Excerpted data Block Start

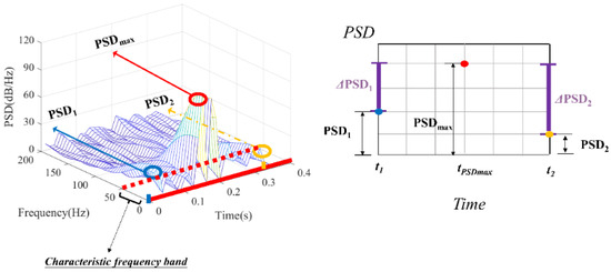 PSDmax is the peak of maximum power spectral density (Figure 11). PSD1 is the initial PSD of the characteristic spectral band (0–50 Hz), where PSDmax is located. PSD2 is the final PSD of the characteristic spectral band (0–50 Hz).
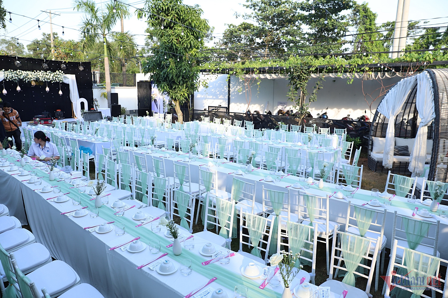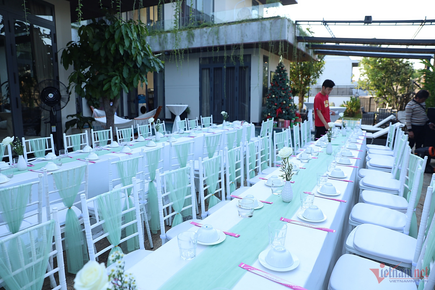 Quách Thành Danh bày tiệc tại sân vườn cho khoảng 200 khách với yêu cầu trang phục tông đen - trắng. Anh từng nói xây cơ ngơi này vì bà xã muốn tổ chức đám cưới tại nhà.
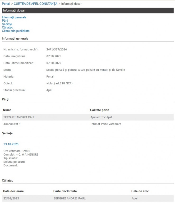 Inculpatul a contestat decizia instanței de fond, fapt pentru care cazul va intra în atenția Curții de Apel Constanța, instanță abilitată să soluționeze cauza definitiv. Potrivit Portalului Instanțelor de Judecată, magistrații au stabilit termenul de judecată la finalul acestei luni.
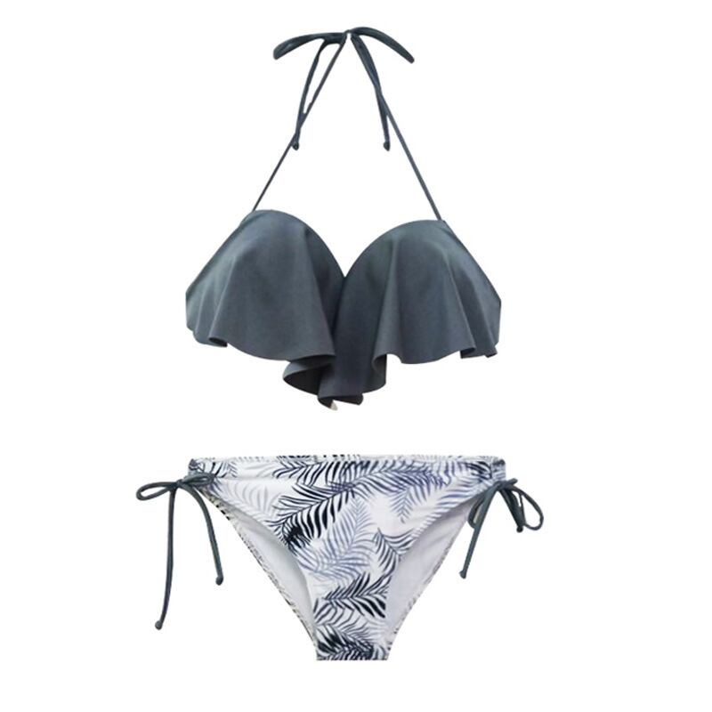 水着 ビキニ スイムウェア レディース ホルターネック パッド付き 紐 レイヤード 谷間魅せ 盛れる 大人可愛い きれいめ セクシー sexy シンプル カジュアル ゴージャス 華やか 大人っぽい 主役級 存在感 ラブリー キュート 個性的 クール スタイリッシュ かっこいい エキゾチック リーフ柄 10代 20代 30代 ママ 夏 海 ビーチ プール リゾート 旅行 スタイルアップ 韓国 高見え インスタ映え M L XL グレー
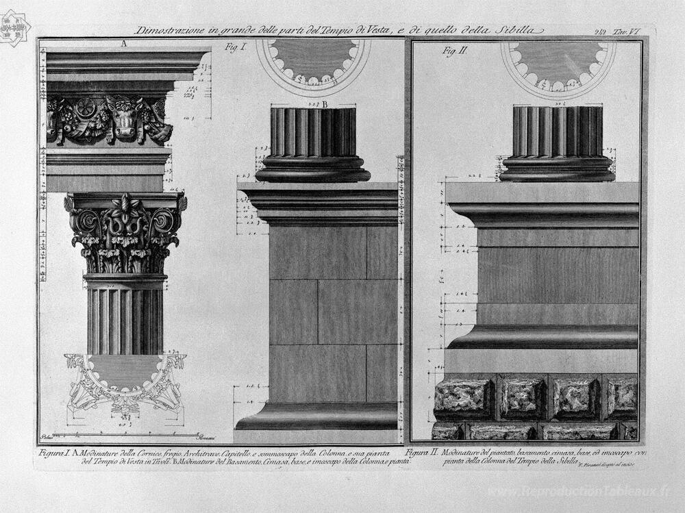 Nous vous proposons une reproduction artisanale sur toile du célèbre tableau 'Démonstration en grandes parties du temple de Vesta et de la Sib' de Giovanni Battista Piranesi, provenant du Musée de la Reproduction.
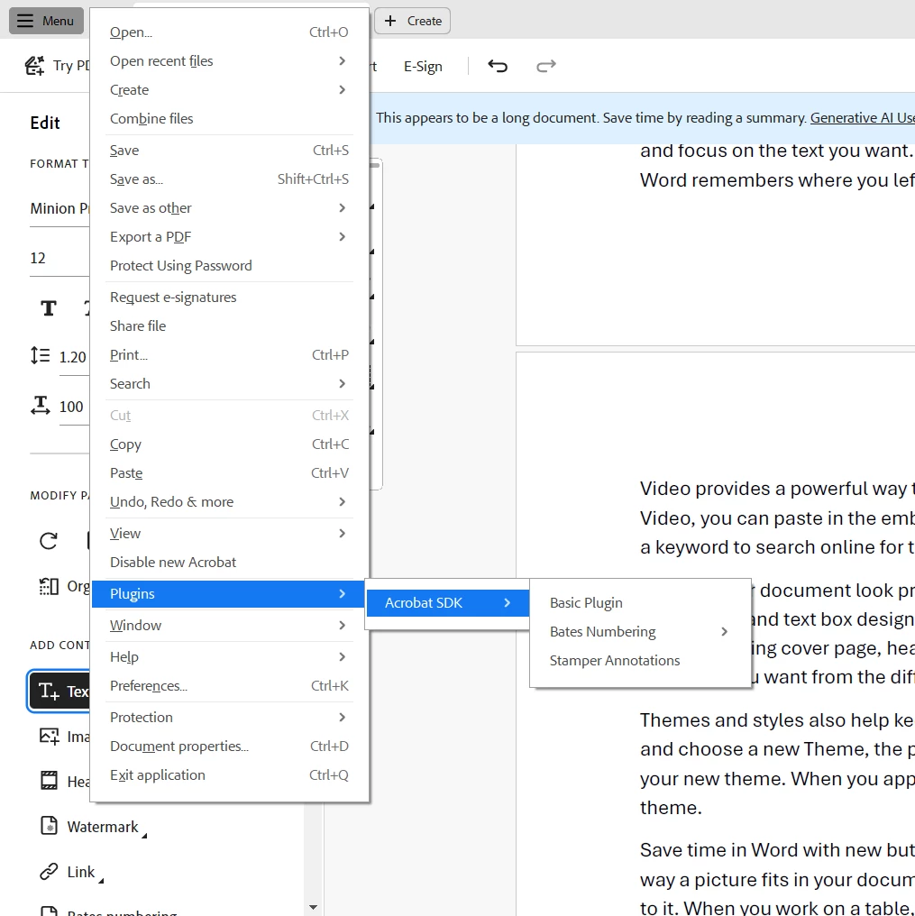 I was building a plugin for acrobat pro that adds a button to the edit toolbar and the button calls a function to add annotation to the selected text. I am using the Basic Plugin as my base and making changes to the BasicPluginInit.cpp file. I tried to replicate what I saw in the documentation here-
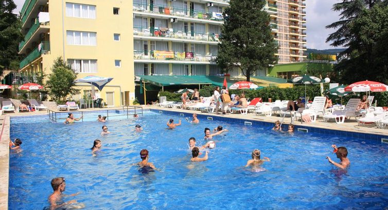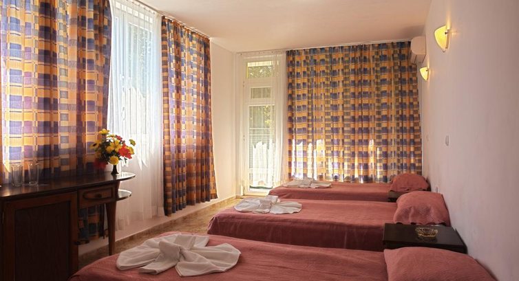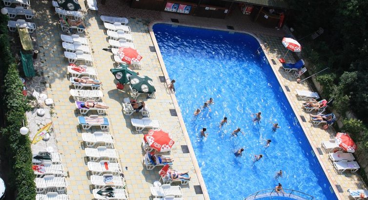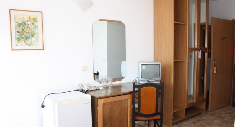 Уважаемые читатели! Если вы амбициозны и не признаете отелей ниже 4* то можете не терять время.коротко расскажу об этом отеле. Мы прилетели с женой на неделю в отель и совершенно не пожалели,тем более что мы приехали за смешные деньги. Приехали в отель в 11.00. Сразу дали номер. Но мы приехали в 2*и номера очень-очень скромные. Поэтому доплатив по 15 лев в сутки заселились в трешку. Номера большие и просторные, 2-х спальная кровать, большая ванная комната. В общем как в Египте стандартные 4 и 5*. Не верьте тем фото что размещены про питание. Все очень даже прилично. Сосиски-сардельки,макарошки,рис,картофель,овощи(салат,огурчики,перец,капуста,лук),нарезка(сыр,ветчина,колбаска). Из молочных продуктов йогурт,творог,очень вкусные вареные яйца. Короче голодными никто не останется и с собой бутерброды никто не приносил. Замечательное месторасположение,очень много зелени т.к отель находится прямо в нац.парке. совершенно не утомительный спуск и подъем к морю метров 350-400м. Ни в коем случае не меняйте деньги в уличных обменниках. Или в отелях или в банке. Я чуть не прибил одного черта-менялу в уличном обменнике возле отеля Империал. Также хочу предупредить и оградить от общения с одним из работников пляжа возле МакДональса. Молодой хамло,горбатенький,худенький а злости на 100%. А вообще народ очень приветливый,особенно старшее поколение. Так что приезжайте в этот отель и не обращайте внимания на плохие отзывы. Приятного всем отдыха!
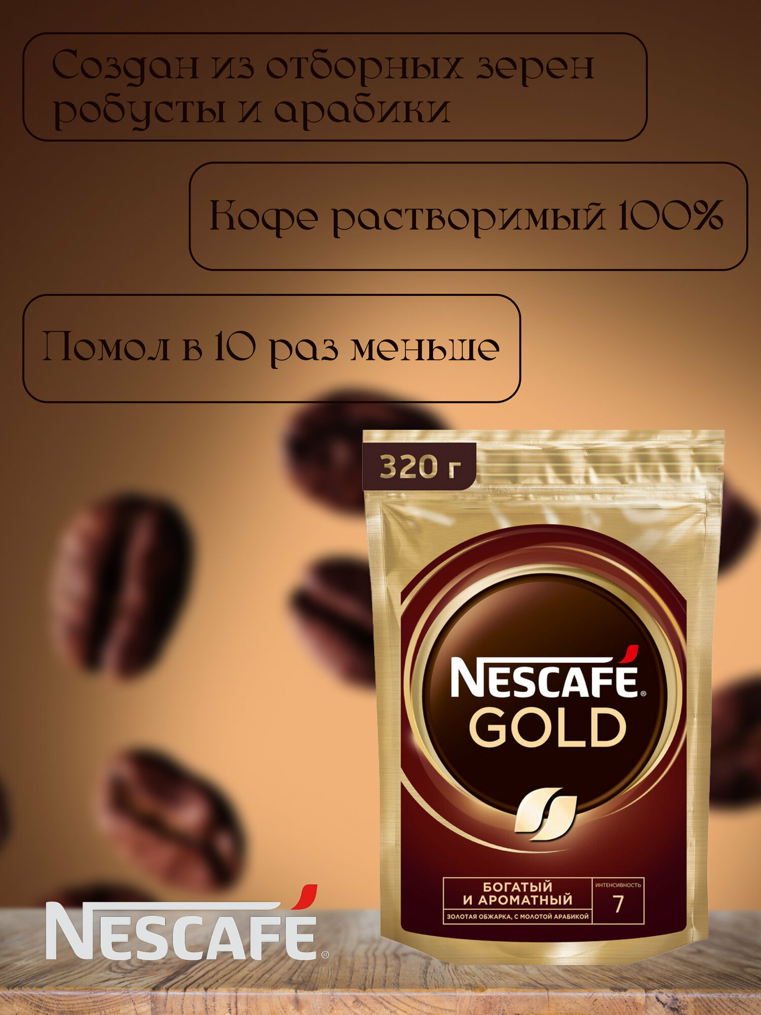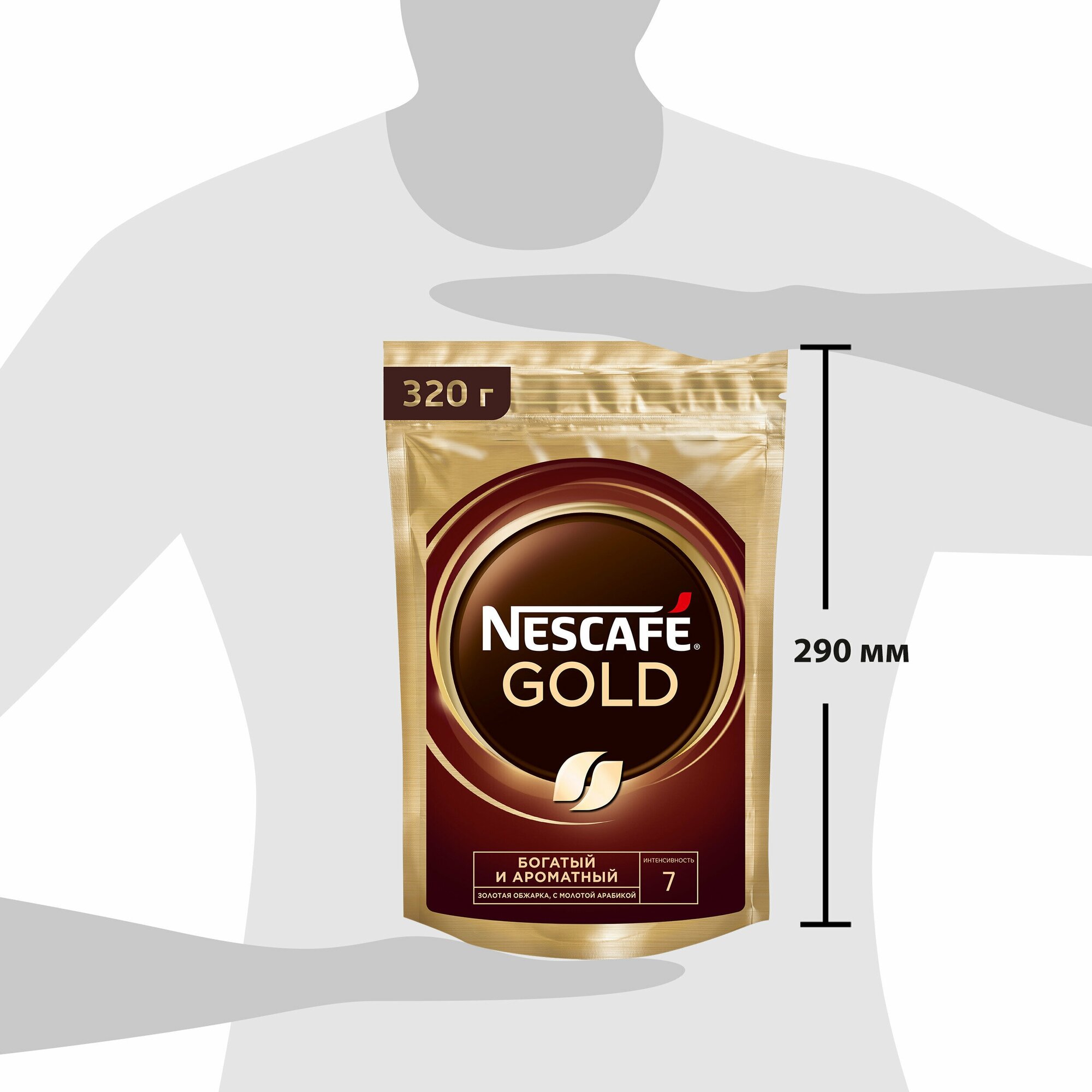 Купить NESCAFÉ Gold, 100% натуральный растворимый сублимированный кофе с добавлением натурального жареного молотого кофе, пакт 320гр

Excerpted data Block End

Give the preceding data back exactly, minus every picture.

**Task answer**
 PSDmax is the peak of maximum power spectral density (Figure 11). PSD1 is the initial PSD of the characteristic spectral band (0–50 Hz), where PSDmax is located. PSD2 is the final PSD of the characteristic spectral band (0–50 Hz).
 Quách Thành Danh bày tiệc tại sân vườn cho khoảng 200 khách với yêu cầu trang phục tông đen - trắng. Anh từng nói xây cơ ngơi này vì bà xã muốn tổ chức đám cưới tại nhà.
 Inculpatul a contestat decizia instanței de fond, fapt pentru care cazul va intra în atenția Curții de Apel Constanța, instanță abilitată să soluționeze cauza definitiv. Potrivit Portalului Instanțelor de Judecată, magistrații au stabilit termenul de judecată la finalul acestei luni.
 水着 ビキニ スイムウェア レディース ホルターネック パッド付き 紐 レイヤード 谷間魅せ 盛れる 大人可愛い きれいめ セクシー sexy シンプル カジュアル ゴージャス 華やか 大人っぽい 主役級 存在感 ラブリー キュート 個性的 クール スタイリッシュ かっこいい エキゾチック リーフ柄 10代 20代 30代 ママ 夏 海 ビーチ プール リゾート 旅行 スタイルアップ 韓国 高見え インスタ映え M L XL グレー
 Nous vous proposons une reproduction artisanale sur toile du célèbre tableau 'Démonstration en grandes parties du temple de Vesta et de la Sib' de Giovanni Battista Piranesi, provenant du Musée de la Reproduction.
 I was building a plugin for acrobat pro that adds a button to the edit toolbar and the button calls a function to add annotation to the selected text. I am using the Basic Plugin as my base and making changes to the BasicPluginInit.cpp file. I tried to replicate what I saw in the documentation here-
 Уважаемые читатели! Если вы амбициозны и не признаете отелей ниже 4* то можете не терять время.коротко расскажу об этом отеле. Мы прилетели с женой на неделю в отель и совершенно не пожалели,тем более что мы приехали за смешные деньги. Приехали в отель в 11.00. Сразу дали номер. Но мы приехали в 2*и номера очень-очень скромные. Поэтому доплатив по 15 лев в сутки заселились в трешку. Номера большие и просторные, 2-х спальная кровать, большая ванная комната. В общем как в Египте стандартные 4 и 5*. Не верьте тем фото что размещены про питание. Все очень даже прилично. Сосиски-сардельки,макарошки,рис,картофель,овощи(салат,огурчики,перец,капуста,лук),нарезка(сыр,ветчина,колбаска). Из молочных продуктов йогурт,творог,очень вкусные вареные яйца. Короче голодными никто не останется и с собой бутерброды никто не приносил. Замечательное месторасположение,очень много зелени т.к отель находится прямо в нац.парке. совершенно не утомительный спуск и подъем к морю метров 350-400м. Ни в коем случае не меняйте деньги в уличных обменниках. Или в отелях или в банке. Я чуть не прибил одного черта-менялу в уличном обменнике возле отеля Империал. Также хочу предупредить и оградить от общения с одним из работников пляжа возле МакДональса. Молодой хамло,горбатенький,худенький а злости на 100%. А вообще народ очень приветливый,особенно старшее поколение. Так что приезжайте в этот отель и не обращайте внимания на плохие отзывы. Приятного всем отдыха!
 Купить NESCAFÉ Gold, 100% натуральный растворимый сублимированный кофе с добавлением натурального жареного молотого кофе, пакт 320гр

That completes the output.